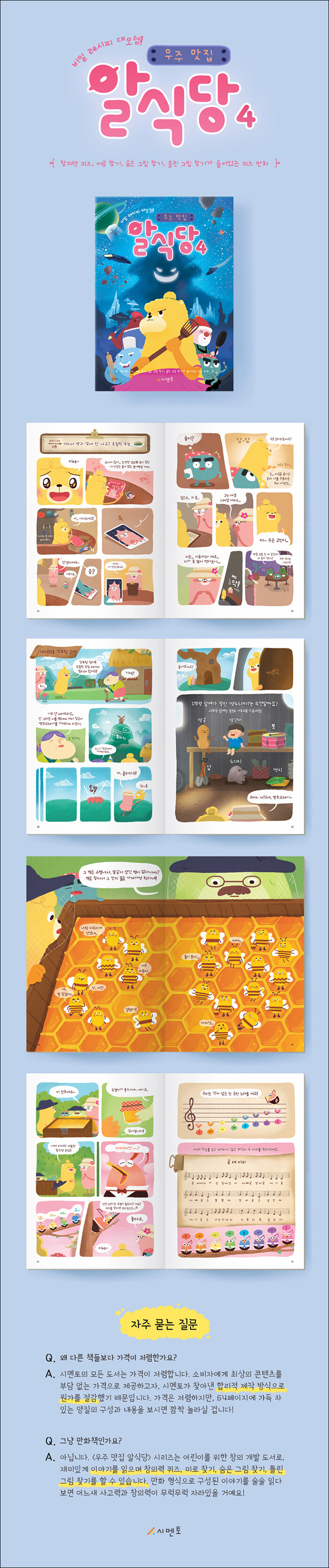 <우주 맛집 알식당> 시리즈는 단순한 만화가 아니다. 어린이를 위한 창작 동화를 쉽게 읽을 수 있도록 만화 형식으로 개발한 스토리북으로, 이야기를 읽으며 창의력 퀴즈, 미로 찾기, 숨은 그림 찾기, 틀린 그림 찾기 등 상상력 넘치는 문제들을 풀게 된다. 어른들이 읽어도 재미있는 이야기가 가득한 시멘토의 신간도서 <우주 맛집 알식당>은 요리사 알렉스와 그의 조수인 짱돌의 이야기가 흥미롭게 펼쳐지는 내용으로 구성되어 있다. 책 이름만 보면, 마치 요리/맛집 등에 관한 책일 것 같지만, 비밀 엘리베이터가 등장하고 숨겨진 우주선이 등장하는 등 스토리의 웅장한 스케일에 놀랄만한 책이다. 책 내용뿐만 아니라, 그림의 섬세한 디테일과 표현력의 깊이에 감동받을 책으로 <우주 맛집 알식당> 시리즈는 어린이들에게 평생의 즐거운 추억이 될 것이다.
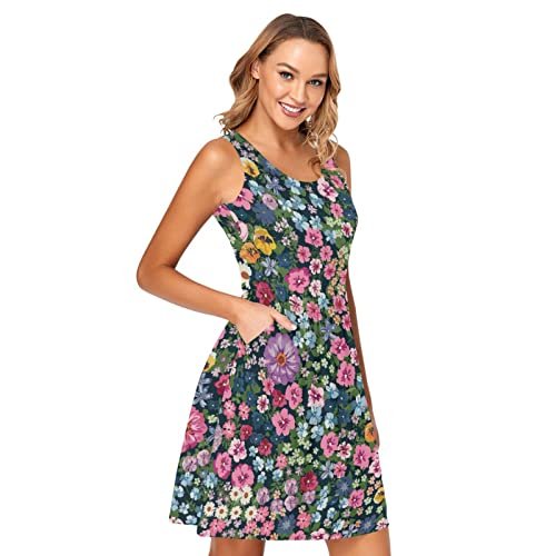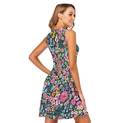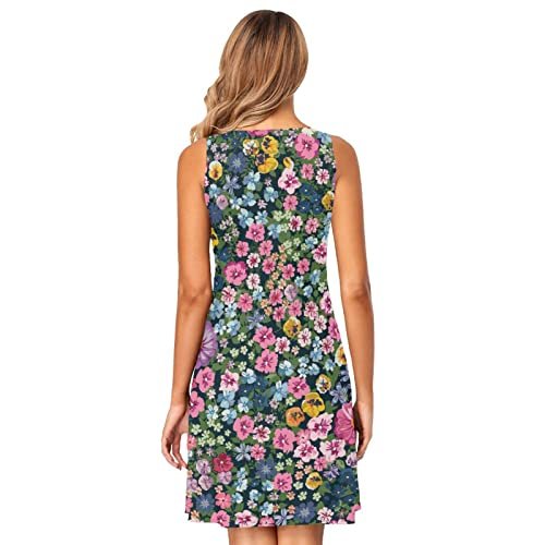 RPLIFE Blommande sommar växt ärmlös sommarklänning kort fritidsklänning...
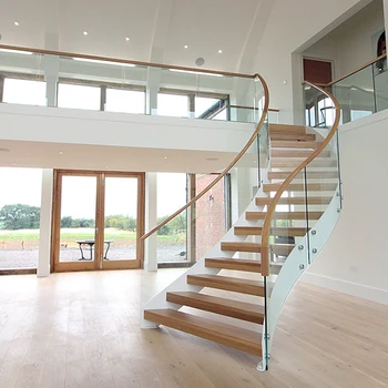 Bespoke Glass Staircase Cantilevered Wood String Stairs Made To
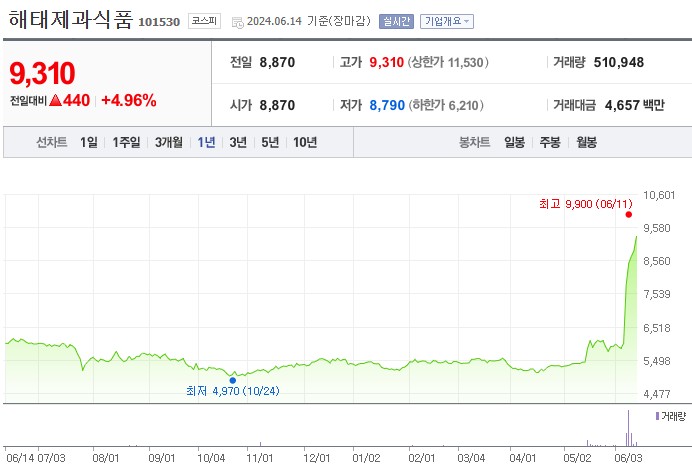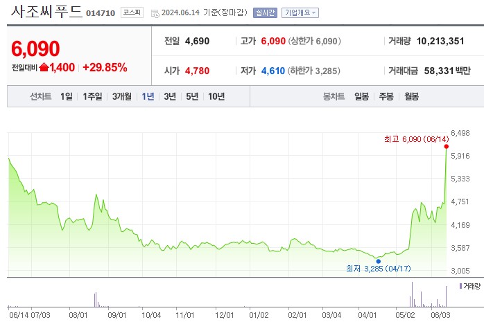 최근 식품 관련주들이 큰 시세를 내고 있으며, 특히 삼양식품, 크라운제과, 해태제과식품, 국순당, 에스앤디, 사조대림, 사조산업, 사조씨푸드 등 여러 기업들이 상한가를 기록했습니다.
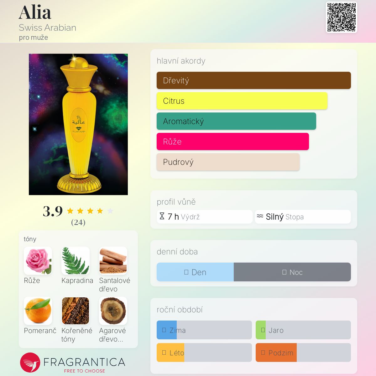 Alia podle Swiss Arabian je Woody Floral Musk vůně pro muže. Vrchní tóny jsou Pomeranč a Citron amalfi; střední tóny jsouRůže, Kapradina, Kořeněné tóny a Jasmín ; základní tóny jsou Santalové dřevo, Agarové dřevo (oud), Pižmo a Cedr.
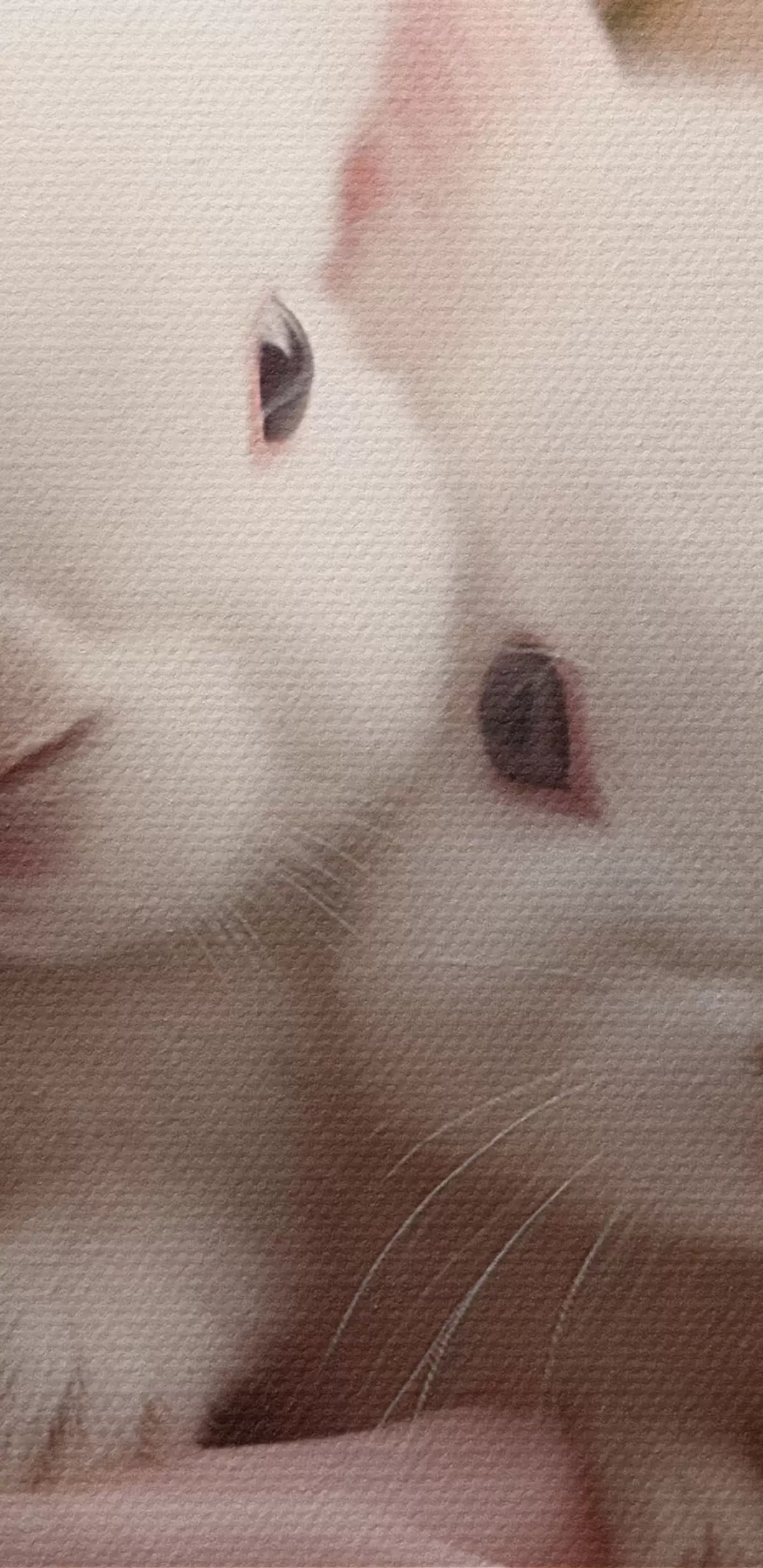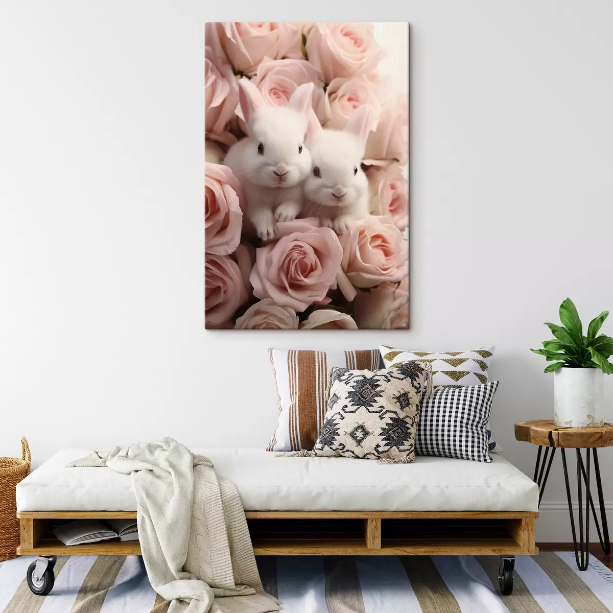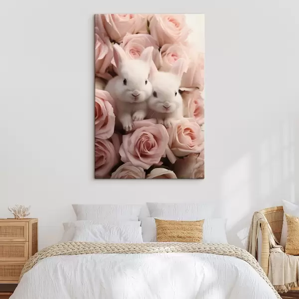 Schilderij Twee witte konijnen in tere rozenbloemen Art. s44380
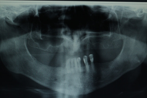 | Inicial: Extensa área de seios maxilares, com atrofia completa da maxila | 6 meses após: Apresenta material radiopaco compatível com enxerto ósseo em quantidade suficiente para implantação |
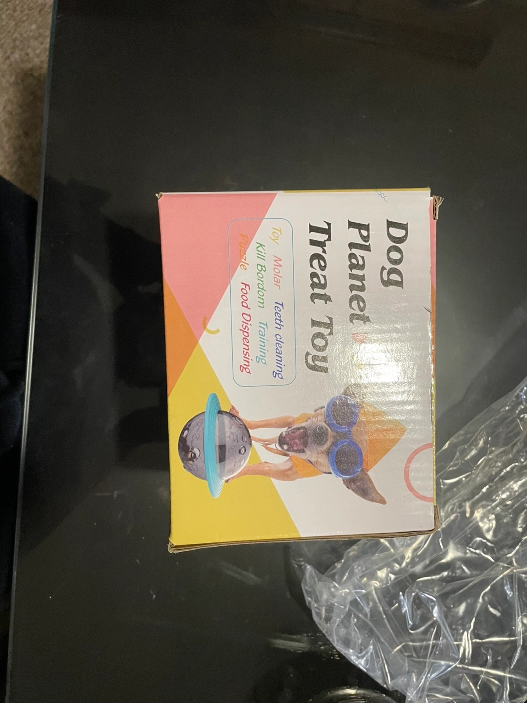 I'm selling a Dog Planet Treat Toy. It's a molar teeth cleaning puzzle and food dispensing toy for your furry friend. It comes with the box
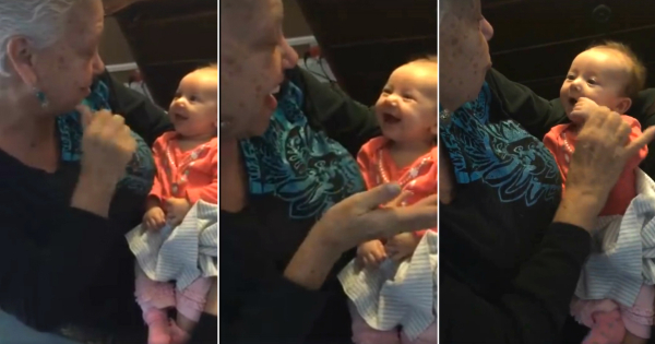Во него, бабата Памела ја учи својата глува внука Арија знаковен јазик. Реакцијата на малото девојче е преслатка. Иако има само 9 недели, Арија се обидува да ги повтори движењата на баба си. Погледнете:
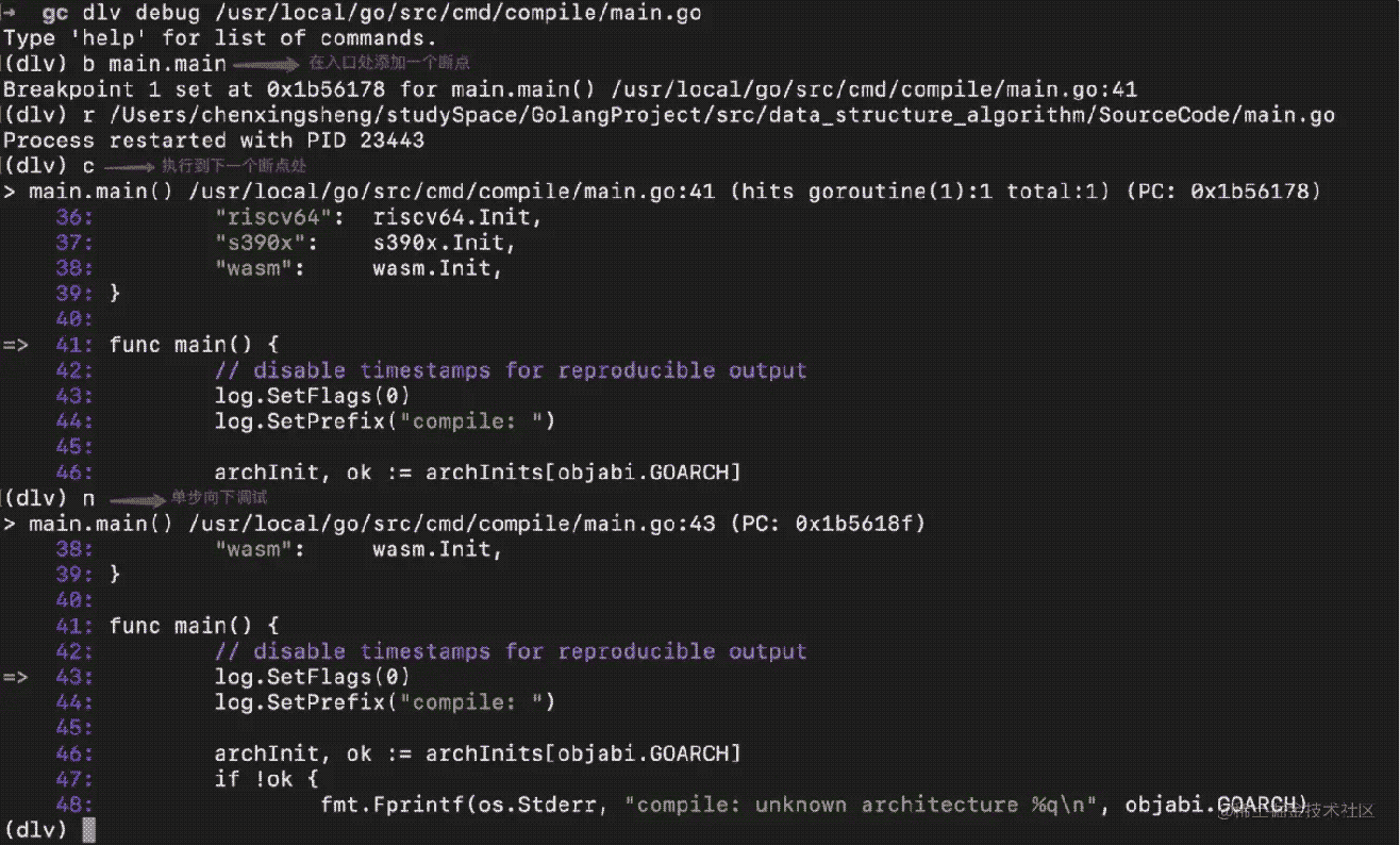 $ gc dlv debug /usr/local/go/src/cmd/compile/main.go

######

REQUIREMENT: Your reply should give again exactly the lines from the one with "I'm selling a" through the last line of the data, with both ends included and pictures left out.

EXERCISE RESULT:
 I'm selling a Dog Planet Treat Toy. It's a molar teeth cleaning puzzle and food dispensing toy for your furry friend. It comes with the box
Во него, бабата Памела ја учи својата глува внука Арија знаковен јазик. Реакцијата на малото девојче е преслатка. Иако има само 9 недели, Арија се обидува да ги повтори движењата на баба си. Погледнете:
 $ gc dlv debug /usr/local/go/src/cmd/compile/main.go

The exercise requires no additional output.